And the women are far from perfect. Gugu Mbatha-Raw (A Wrinkle in Time), in particular, has personal demons and a past to overcome. Lorraine Toussaint (Into the Badlands) and Saniyya Sidney (Hidden Figures) also struggle in their own ways to find the right path. With a bit of help from David Strathairn (Godzilla: King of Monsters), the women work to find a resolution.  Each gets to explore and explain their character in ways that reach us and continually have us re-evaluate our assessments of them.

The weakest performance in the movie is from Christopher Denham (The Bay). But he is at the apex of an aspect of the tale that is the least well thought through. In a world that is slowly falling apart, there is a group of men arrayed against the women for reasons that are either cliche or completely undefined. And this is unabashedly a movie about the women; the men are mostly ciphers.

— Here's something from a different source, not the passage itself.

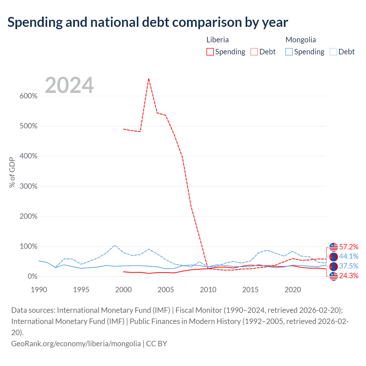 Liberia has $2.73B in government debt (57.2% of GDP), compared to $10.5B (44.1% of GDP) in Mongolia.
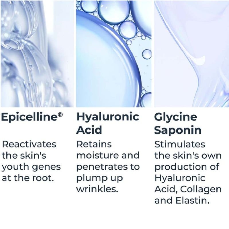 Epicelline premium anti-aging face serum, enriched with patented key active Epicelline, formulated with micro and macro hyaluronic acid, and Age Clock Technology, ideal for all skin types.

With the complex character set-up and the mostly unexplored world and dangers, it isn’t a surprise that is also soon to be a streaming series on Amazon. With that kind of space, we should get a lot more of what is going on. While this movie wasn’t intended as, and doesn’t feel, like a pilot, it certainly makes a solid version of one. I’m looking forward to seeing what they can create from this intriguing beginning.

I have to admit I wanted to like this film more than I did. The performances and direction are emotionally satisfying. I just wanted a little more meat on the bones of the male characters and the purpose of the “bad guys.” It would have made the world and situation more complete and less of an excuse against which to tell the story Hart and her co-writer, Jordan Horowitz, wanted to tell.